The Boston Globe reports on the growth of wage-advance companies that allow workers to access money they have already earned but not yet received, often through an app. Workers can connect the app to their bank accounts or their employers’ payroll systems. The wage-advance company then fronts the workers a portion of their wages, which it recovers, on payday, either from the workers’ bank accounts or directly from the workers’ employers. The wage-advance companies generally charge a subscription rate or a fee for each transaction. Proponents of the wage-advance companies argue that they allow workers to avoid high-interest payday loans while still accessing the funds they need to live and work. However, the fees charged by wage-advance companies, when calculated as an annual percentage rate, are often as high or higher than the interest rates charged by traditional payday lenders. “Ultimately, this is just another way to monetize poverty,” says Gillian Mason, co-executive director of the worker advocacy nonprofit Massachusetts Jobs With Justice. “It gives the illusion that employers are doing something about this problem.”
A new report on California’s Private Attorney General Act (PAGA) highlights the law’s role in improving working conditions and increasing employer compliance with California’s labor code. PAGA, passed in 2004, allows workers to sue their employers in the name of the state for wage and labor violations. While employer associations have attacked the law as a “job killer,” the UCLA Labor Center, the Center for Popular Democracy, and the Partnership for Working Families report that the law has allowed California employees to recover millions of dollars in stolen wages. In addition to unpaid wages, the law also requires employers to pay civil penalties for labor code violations. Workers who sue to enforce the labor code receive 25% of the penalty, and the California Labor and Workforce Development Agency (LDWA) receives the rest. In 2019 alone, the LDWA collected over $88 million in civil penalties. All of the money, under PAGA, must be used to fund labor code enforcement and educational initiatives on workers’ rights. The report points out that PAGA presents a useful strategy for undermining mandatory arbitration clauses: under California law, an employee covered by a mandatory arbitration clause may still sue their employer in the name of the state, since the state is not a party to the private arbitration contract.
Harvard and its Graduate Student Union have agreed on three tentative contract provisions after their latest federally-mediated bargaining session, on February 6. In an email to its members, the HGSU-UAW announced that the provisions would provide student workers with guaranteed federal holidays and winter recess, access to the employee assistance program—which provides financial counseling and mental health and crisis care—and discounts on MBTA passes and access to biking and parking benefits. Harvard and the HGSU-UAW have yet to agree on provisions regarding workload protections, union dues, discrimination and harassment, and compensation.

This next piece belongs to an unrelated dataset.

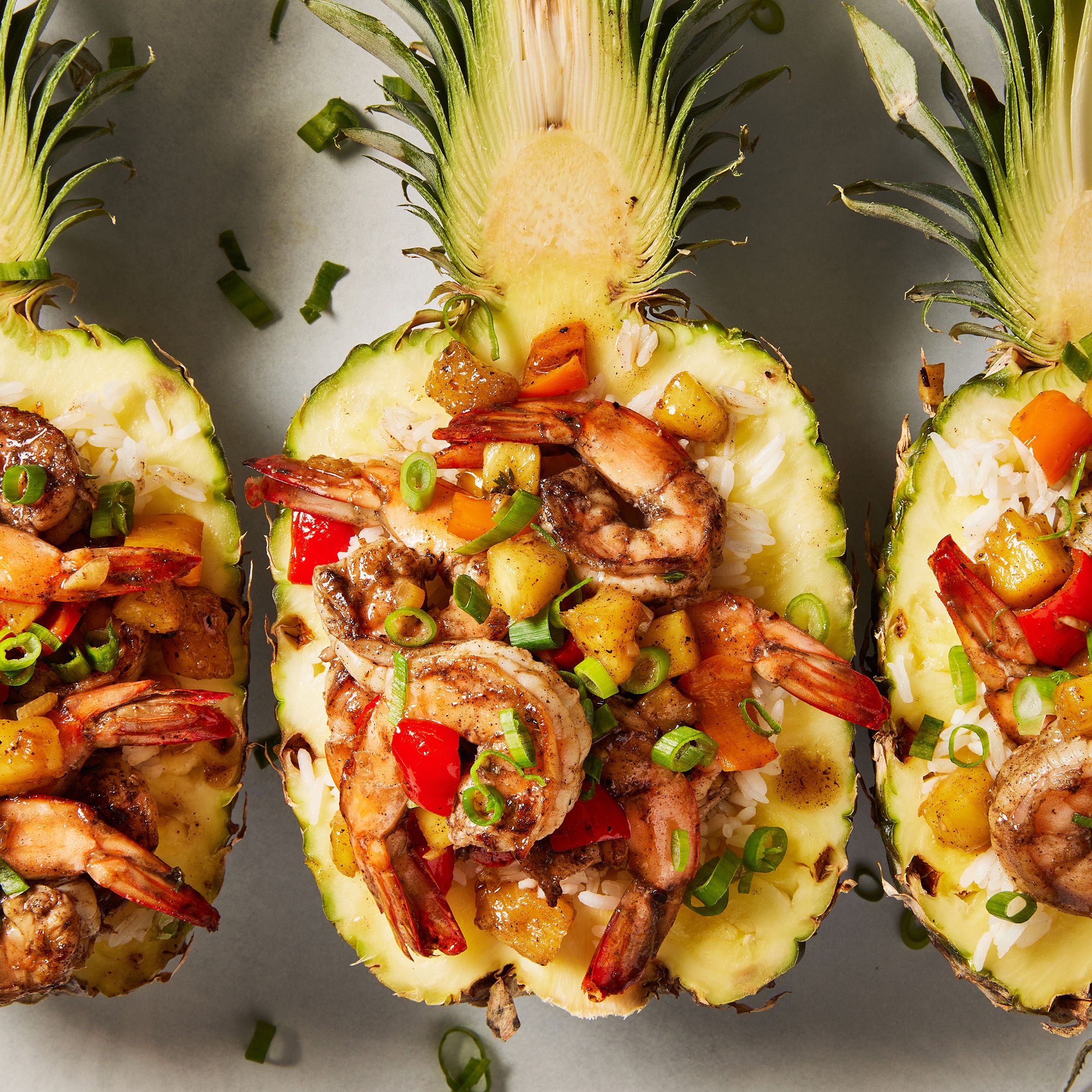 - Fill pineapple bowls with rice, then top with chicken, shrimp, bell pepper, avocado, and pineapple chunks.

While the national union membership rate continues to fall, new data from the Bureau of Labor Statistics (BLS) show a significant increase in the number of Americans participating in strikes and work stoppages. According to an analysis by the Economic Policy Institute (EPI), 2019 marked “the greatest number of work stoppages involving 20,000 or more workers since at least 1993, when the BLS stated providing data that made it possible to track work stoppages by size.” The EPI attributes the increase in strike activity to the low unemployment rate, which may provide workers with some assurance that they could get new jobs should they be fired for striking, and the lack of wage growth, particularly for low-wage workers.